Il denaro non renderà felici, ma consente, se non altro, di affrontare molto più comodamente l'infelicità. E non è poco.

Il passo più difficile è sempre il primo, e quando non lo è, è perché non si è consapevoli di averlo fatto.

Il plagiario, piuttosto che riflettere sulle cose, preferisce limitarsi a rifletterle.

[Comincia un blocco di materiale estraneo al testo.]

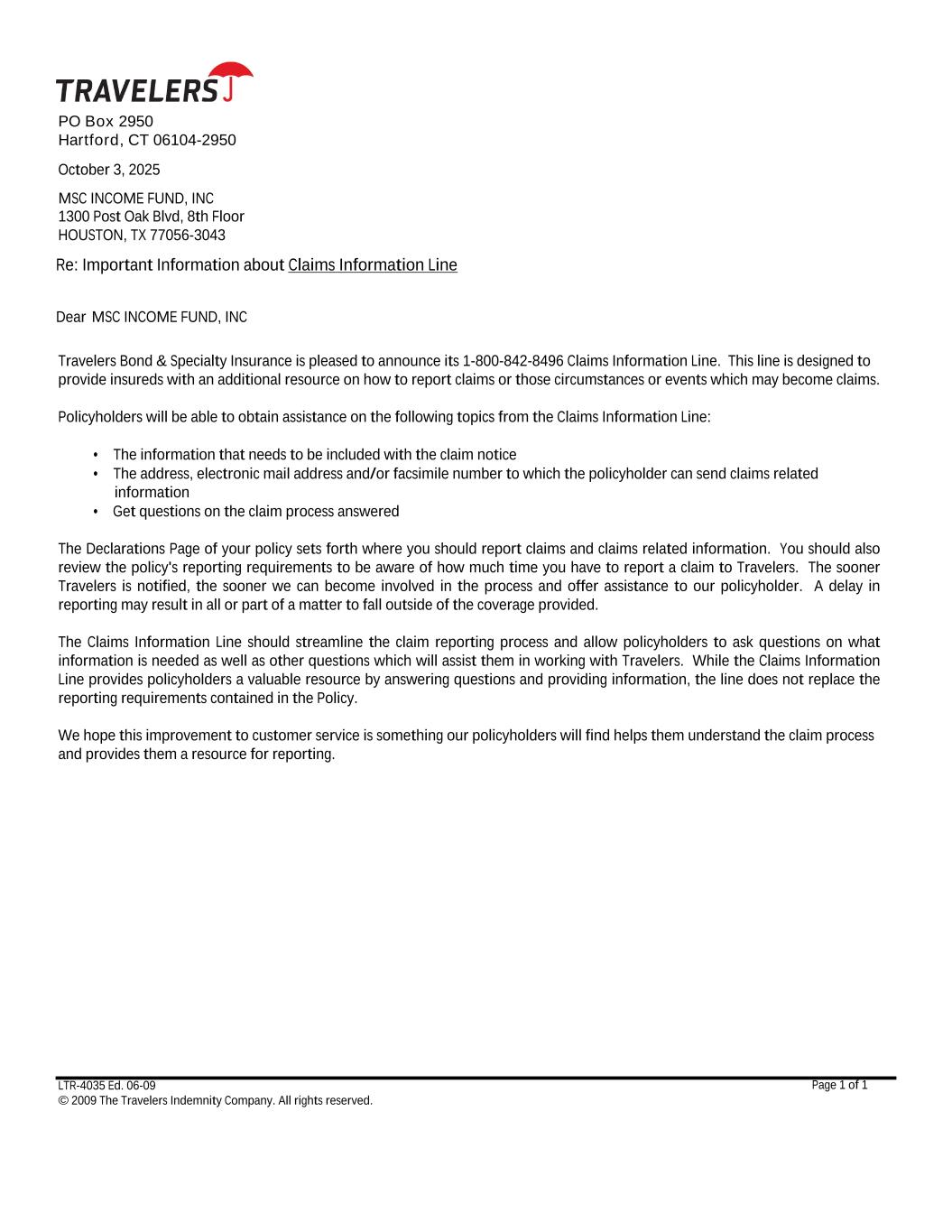 LTR-4035 Ed. 06-09 © 2009 The Travelers Indemnity Company. All rights reserved. Page 1 of 1 PO Box 2950 Hartford, CT 06104-2950 October 3, 2025 MSC INCOME FUND, INC 1300 Post Oak Blvd, 8th Floor HOUSTON, TX 77056-3043 Re: Important Information about Claims Information Line Dear MSC INCOME FUND, INC Travelers Bond & Specialty Insurance is pleased to announce its 1-800-842-8496 Claims Information Line. This line is designed to provide insureds with an additional resource on how to report claims or those circumstances or events which may become claims. Policyholders will be able to obtain assistance on the following topics from the Claims Information Line: • The information that needs to be included with the claim notice • The address, electronic mail address and/or facsimile number to which the policyholder can send claims related information • Get questions on the claim process answered The Declarations Page of your policy sets forth where you should report claims and claims related information. You should also review the policy's reporting requirements to be aware of how much time you have to report a claim to Travelers. The sooner Travelers is notified, the sooner we can become involved in the process and offer assistance to our policyholder. A delay in reporting may result in all or part of a matter to fall outside of the coverage provided. The Claims Information Line should streamline the claim reporting process and allow policyholders to ask questions on what information is needed as well as other questions which will assist them in working with Travelers. While the Claims Information Line provides policyholders a valuable resource by answering questions and providing information, the line does not replace the reporting requirements contained in the Policy. We hope this improvement to customer service is something our policyholders will find helps them understand the claim process and provides them a resource for reporting.

Il razzista è un tipo talmente fazioso da essere poco credibile: non ne ho mai visto uno, infatti, che lo fosse anche nei confronti del gruppo di appartenenza.

Il tutto è un rebus avvolto in un mistero che sta dentro a un enigma.

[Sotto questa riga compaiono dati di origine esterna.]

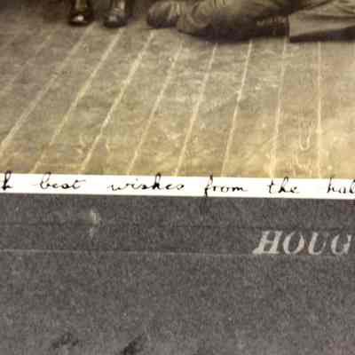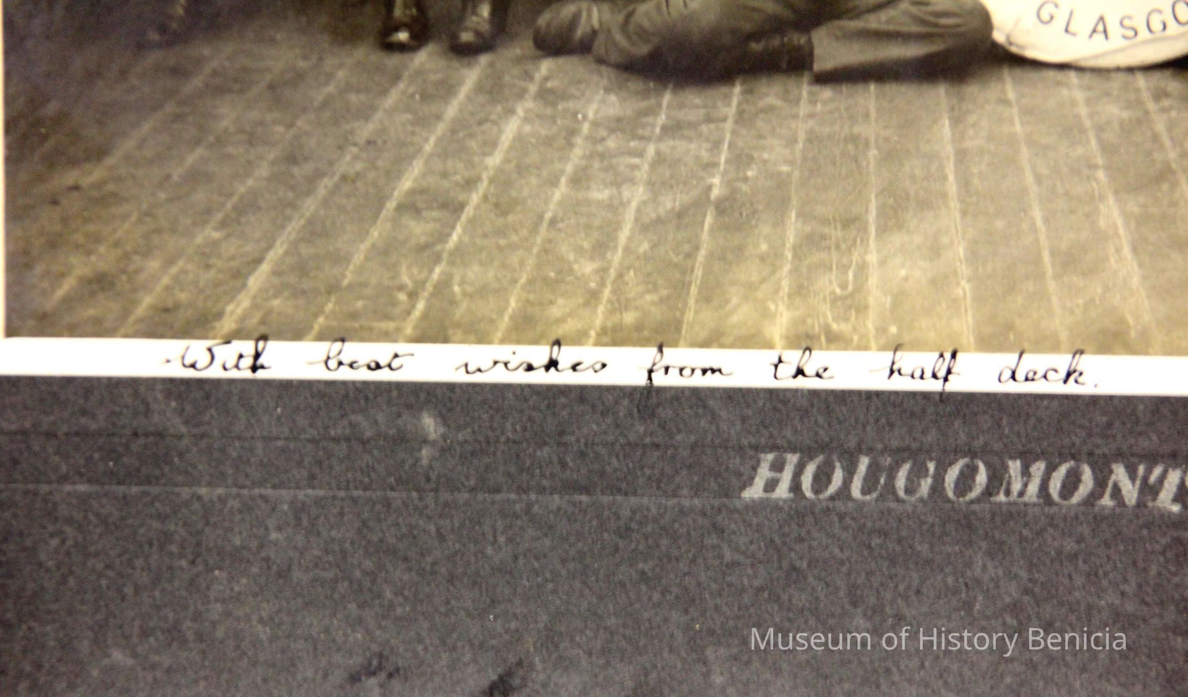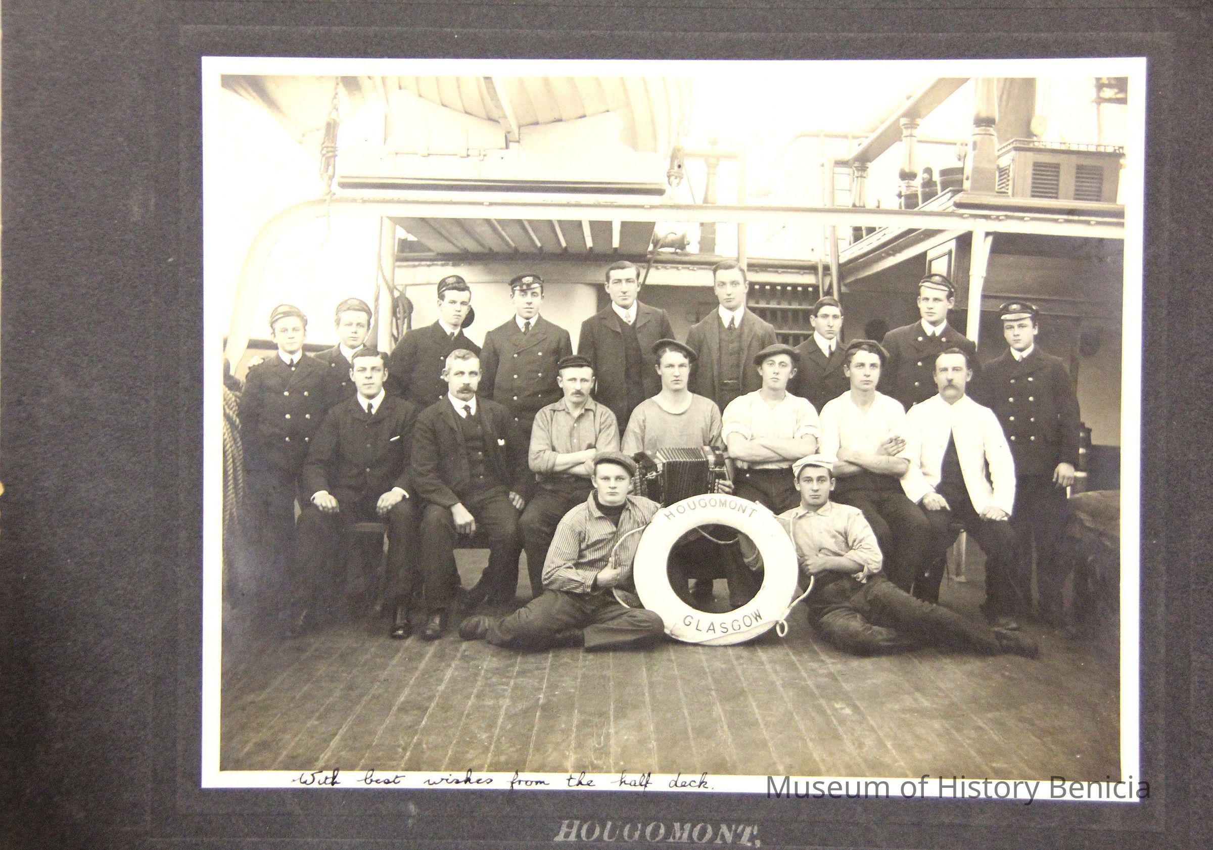 Photo of a ship's crew . The printed title says "Hougomont". The margin inscription says With best wishes from the half deck.

In tutta la sua vita non aveva mai voluto troppo, eppure, alla fine, non gli rimase ugualmente nulla da stringere.

Io e te: due rette parallele che sperano di incontrarsi un giorno all'infinito.

L'Amore ha messo un lucchetto ai nostri cuori e ha gettato via la chiave.

La disperazione è l’ultima a morire.

La donna che non ti uccide ti rende uno straccio.

La fragilità rende preziosi gli esseri umani. Nasconderla non ci rende migliori.

La nostalgia del disilluso per gli anni della belle époque della propria vita.

La poesia è morta. Lunga vita all'aforisma.

La politica fa l'uomo ladro.

La vita non è già di per sé abbastanza amara perché ci si debba privare anche dello zucchero nel caffè?

Nella moglie ubriaca c’è il vino buono.

Non basta essere bravi, bisogna che gli altri lo riconoscano.

Non basta essere bravi, bisogna anche essere fortunati.

Non c’è donna che potendo, e dovendo, scegliere tra la convivenza con uno squattrinato genio incompreso e quella con un ricco e volgare uomo d’affari, non preferirebbe, a parità di altre condizioni, convivere con quest’ultimo. E forse a ragione.

Non imprecare, bestemmia!

Non lasciare il tempo che trovi, potrebbe servirti in futuro.

Ogni giorno porta con sé l'effimero.

Ogni scemo ha il suo villaggio.

Per capire se qualcuno è esperto nel suo campo, bisogna consultare un altro esperto in quello stesso campo.

Per potersi permettere di non fare niente tutto il giorno, bisogna saperlo fare, e bene.

Plagiario: un dritto d’autore.

Possono esserci casi in cui la tua probabilità di successo è molto bassa, ma se non tenti, la probabilità diventa uguale a zero.

Prima il piacere, poi il dovere. E solo se resta tempo.

Pur di raggiungere i propri scopi, c'è chi sarebbe disposto a fare anche un patto col diavolo, se solo avesse un'anima da vendere.

Quando un matrimonio dura troppo a lungo, è fin troppo evidente che c’è qualcosa che non va.

"Sarò breve”: locuzione usata di solito dagli oratori come introduzione a un discorso interminabile.

Se a quarantanni vedi ancora il mondo come lo vedevi a venti, significa che la tua vista non è granché peggiorata.

Sii ciò che vorresti essere.

Sono vivo – e vegeto.

Sopporta il prossimo tuo come te stesso.

Sui disgusti non si discute.

Troppo bella per essere vera.

Trova la soluzione, non cercare scuse.

Un burocrate senza più pratiche da sbrigare: "Il mio ufficio per un cavillo!".

Un idiota è per uno stupido ciò che oggi la televisione è per un idiota: nient'altro che uno strumento utile per sentirsi un po’ più intelligenti.

Un’affinità elettiva di tipo linguistico accomuna, oggi, una coraggiosa quanto sparuta minoranza d’italiani, la quale, contro l’iniquo uso comune, continua imperterrita a scrivere il pronome riflessivo “sé” con l’accento anche davanti ai rafforzativi “stesso” e “medesimo”.

Uniti per sempre in martiriomonio.

Quando anche voltare pagina è inutile, conviene cambiare libro.